Everything I remember about scimitars and other curved swords is that they're cavalry weapons, so the slashing/cutting emphasis seems to make sense there, too. You don't stop to poke someone or pause to spend time in swordplay while riding past on a horse.

One. Big. Swoopy. Slash.
posted by rokusan at 1:44 PM on March 31, 2011 [12 favorites]

Does it make the blade more 'axe-like' so it can concentrate force in one area?
posted by Not Supplied at 1:48 PM on March 31, 2011

If you were to take a scimitar and straighten it out, it would weigh the same, but give you a length advantage in combat

You'd also increase the chances of the blade binding with the object it's supposed to be slicing through. If you're attacking from horseback, you really don't want to lose your sword because it got "stuck" in the last dude.
posted by Civil_Disobedient at 1:54 PM on March 31, 2011 [5 favorites]
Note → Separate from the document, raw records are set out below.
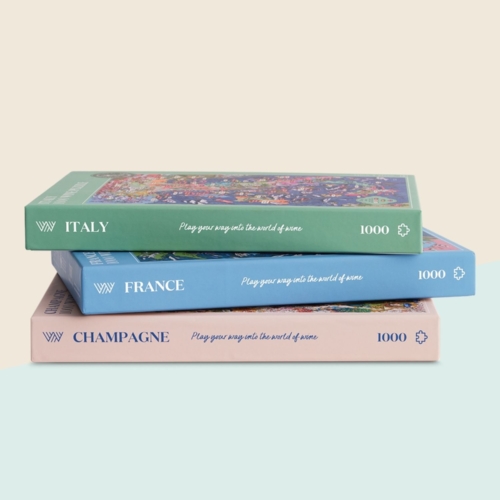 Uncover the hand-selected bundle of our favorite puzzles. This thoughtfully curated collection showcases puzzles inspired by the captivating regions of Champagne, Italy, and France. These regions hold a special place in our hearts, and each puzzle reflects the essence and allure of their distinctive wine cultures. Experience the effervescent charm of Champagne, with its sparkling delights and storied traditions. Lose yourself amidst the rustic vineyards of Italy, where centuries of winemaking heritage have produced an array of exquisite flavors. Explore the iconic wine regions of France, where terroir and craftsmanship converge to create wines that embody the essence of sophistication.With each puzzle, immerse yourself in the rich heritage, flavours, and breathtaking beauty of these beloved regions. This bundle offers a delightful journey of discovery and appreciation. Let these puzzles be your guide as you unravel the secrets and treasures that await in each sip. Each puzzle is 1000 pieces and comes with a full-size poster of our design and a box stand.Each completed puzzle is: 48 x 68 cm; 18.9″ x 26.8″Each poster is: 48 x 68 cm; 18.9″ x 26.8″Each box is: 33 x 22.7 x 3.9 cm; 12.9″ x 9.9″ x 1.5″
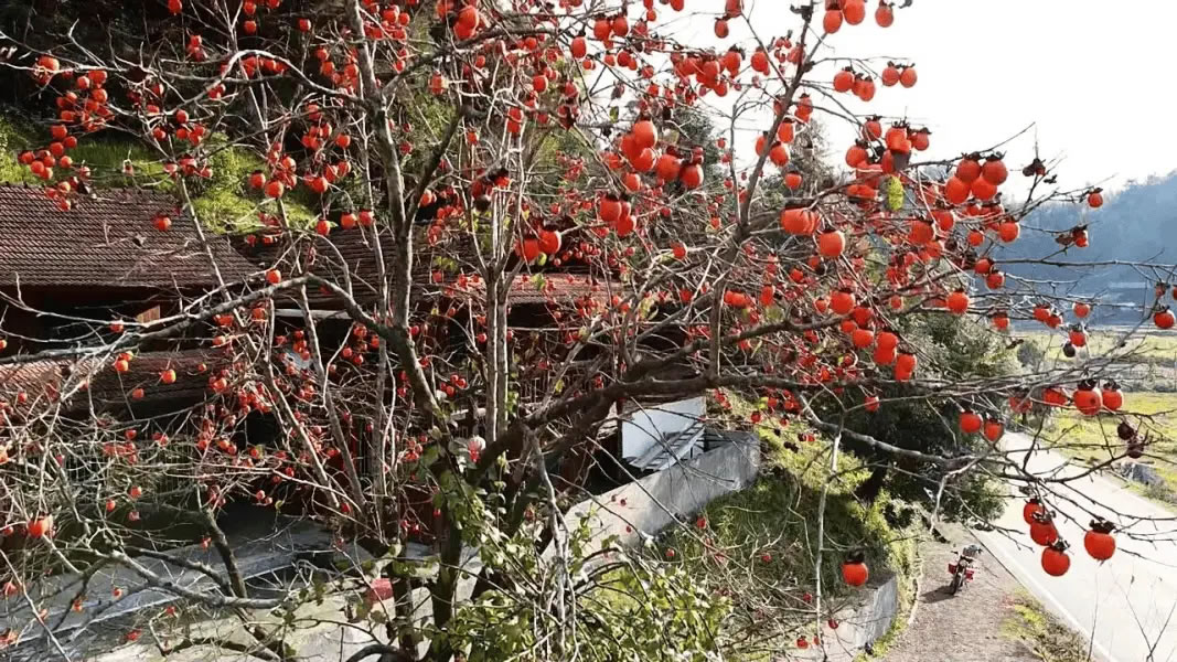 樂安鋪鄉(xiāng)聯(lián)豐村的山林同樣熱鬧非凡,蜿蜒山路旁的槭樹、楓香樹層層疊疊,紅褐與金黃交織成絢爛色塊,與錯落分布的農(nóng)家院落相映成趣。隨著初冬的寒意悄然降臨,聯(lián)豐村的柿子樹“燃”起一片熱烈的“紅火”,熟透的柿子,宛如一盞盞喜慶的紅燈籠,將山村裝點得明艷動人,在陽光輕撫下,橙紅的柿子透著誘人光澤,與遠處的山林相襯,色彩斑斕。游客們或手持相機,定格“柿”景,歡聲笑語在鄉(xiāng)村回蕩。引得游人紛至沓來,沉醉于這獨特的田園冬韻之中。
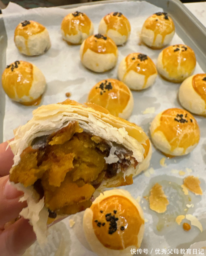 看得出来这位妈妈十分的心灵手巧,她自己做了蛋黄酥,还买了两种小蛋糕,还有一碗馄饨,就等着孩子回家之后可以大快朵颐。
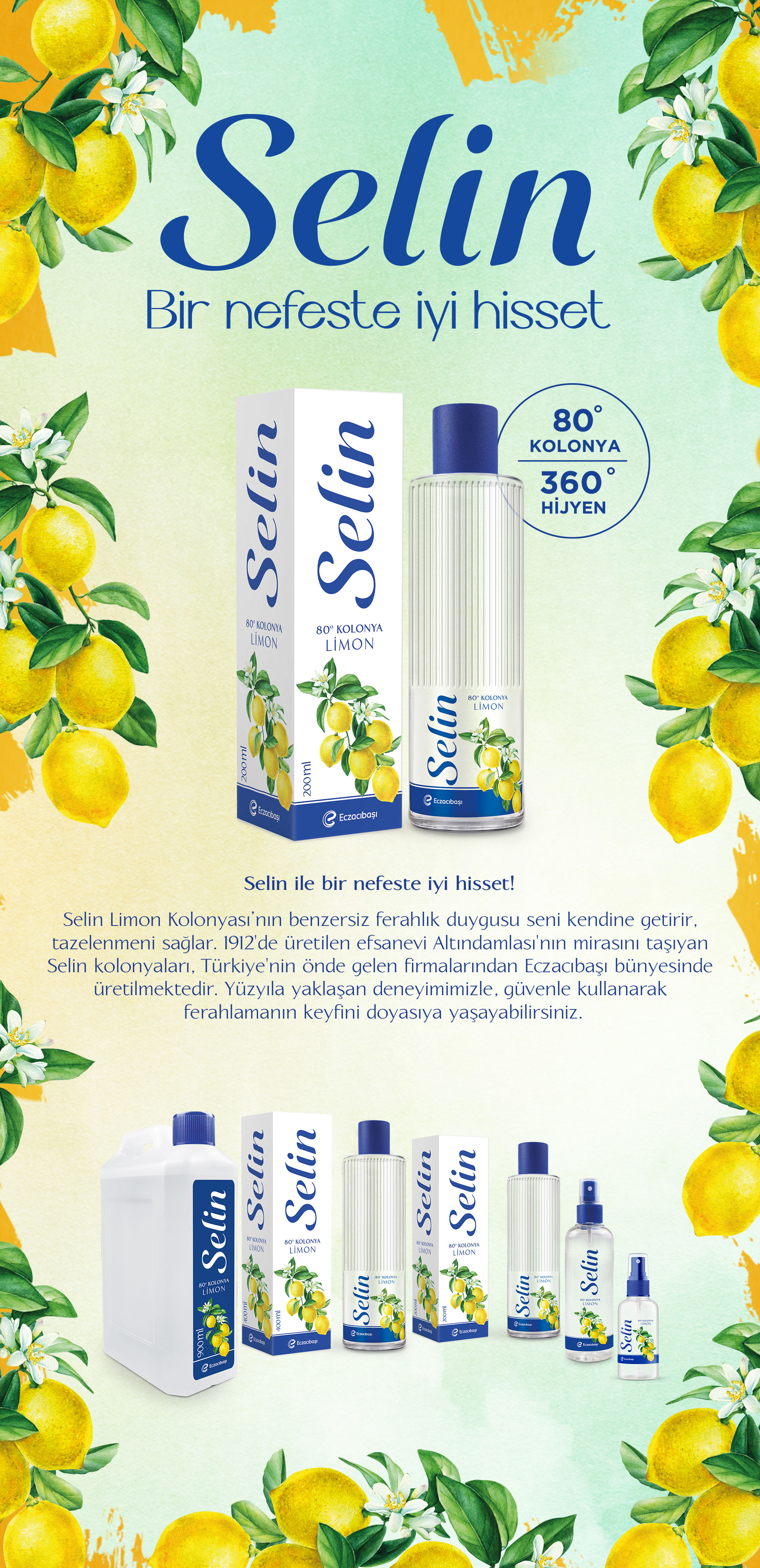 Selin ile bir nefeste iyi hisset! Selin Limon Kolonyası’nın benzersiz ferahlık duygusu seni kendine getirir, tazelenmeni sağlar. 80° alkol içeriği ile güvenilir hijyen sağlarken, keskin limon kokusu serinletip canlandırır. Limon kolonyası farklı notalara sahip olup, kokular arası uyumlu geçişleri ile kolonyanın karakteristiğini ortaya koyar. Selin Limon Kolonyası üst notası; narenciye, limon ve çam notlarından oluşur. Orta notalar, aldehidik ve limon notaları ile desteklenir. Dip nota olarak da bilinen alt notası ise portakal çiçeği esanslarından oluşur. 1912'de üretilen efsanevi Altındamlası'nın mirasını taşıyan Selin kolonyaları, Türkiye'nin önde gelen firmalarından Eczacıbaşı bünyesinde üretilmektedir. Yüzyıla yaklaşan deneyimimizle, güvenle kullanarak ferahlamanın keyfini doyasıya yaşayabilirsiniz. 900 ml pet ambalajda sunulmaktadır. Mutlaka ağzı kapalı bir şekilde muhafaza edilmesi gerekir. Ayrıca kolonyayı uzun süre boyunca güneş ışığına maruz bırakmaktan da kaçınılmalıdır.
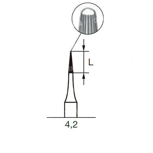 Финишный твердосплавный бор CF 133, конус безопасный конец, D=1.0 мм, L=4.2 мм, FG, белый
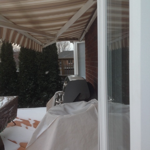 Last night it was 9C above zero and raining. Despite that, I fired up the BBQ for the first time in 2017 and put on a rotisserie chicken. I rolled out the awning a bit to stay dry.
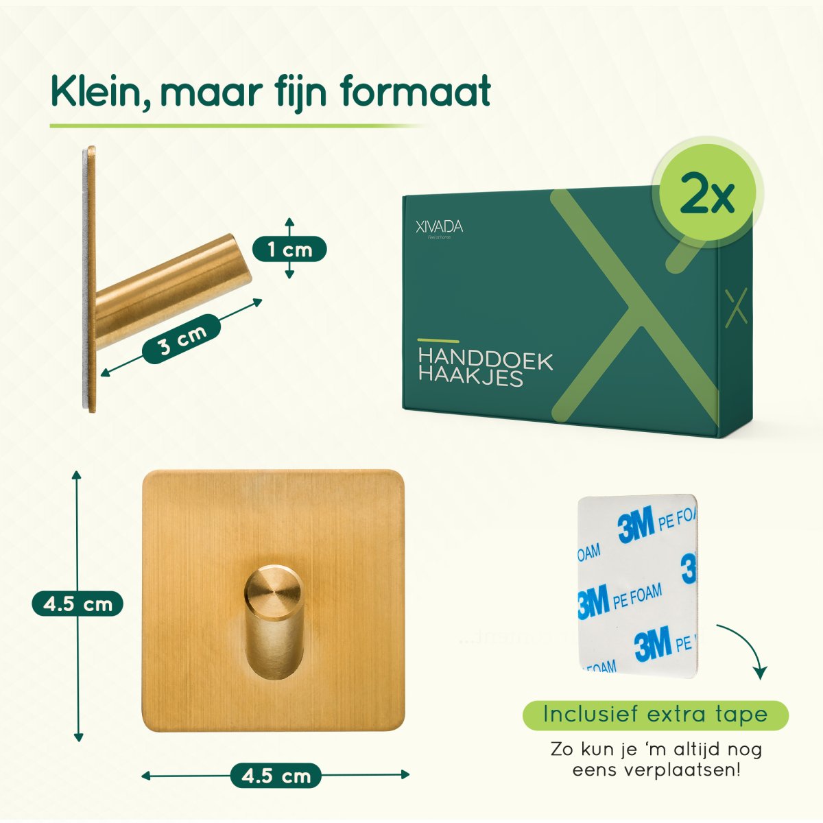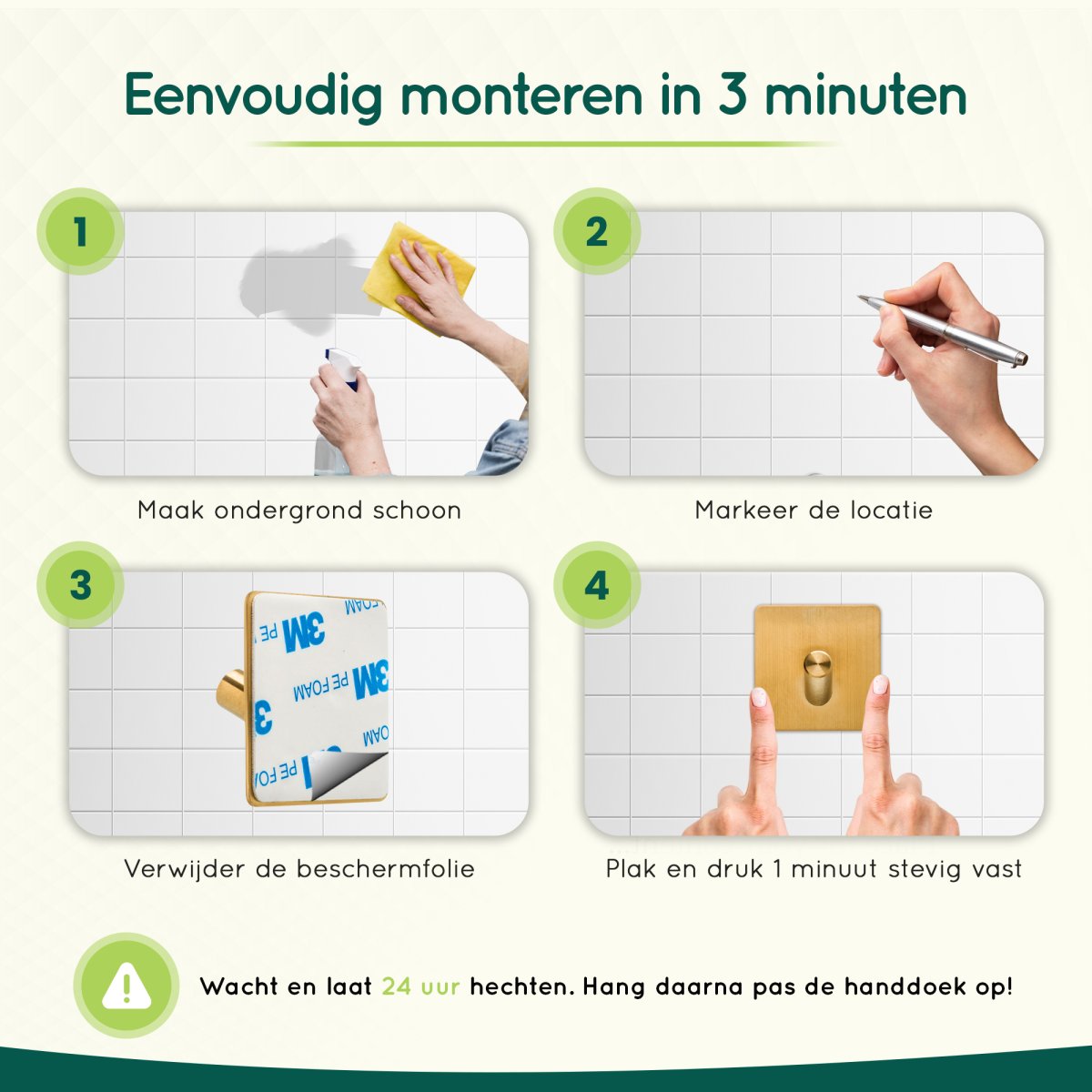 De gouden handdoekhaakjes monteer je eenvoudig op de muur met premium 3M tape. Voor een langdurig resultaat, zonder gereedschap!

It is also possible that the curve allows for the sword to be drawn more easily and with more deadly results, curving around the body in a cutting arc, rather than a straight and potentially awkward line. This is partly why Japanese blades tend to be gently curved rather than straight, but I'm not actually familiar with how scimitars were typically carried and/or sheathed.
posted by Diagonalize at 1:56 PM on March 31, 2011

I've read that book and you should keep in mind Burton tends to have a somewhat racist outlook on non-European cultures. That said, you should note that scimitars are usually not uniform across their full length but get thicker towards the end. This balance, with the weight far away from the hand, tends to give the sword a whip-like action which enhances the slashing effect. It's a great design for use by a mounted swordsman who sits on a moving horse since it requires (and kind of prohibits) less careful aiming to be effective.
posted by tommasz at 1:57 PM on March 31, 2011

Response by poster: The slashing argument is excellent. However, the Janissaries (armored footmen) used scimitars. I'm not clear why they would be slashing instead of poking.

As a side question, why do you not see swords with a cord coming out of the handle so you don't lose it?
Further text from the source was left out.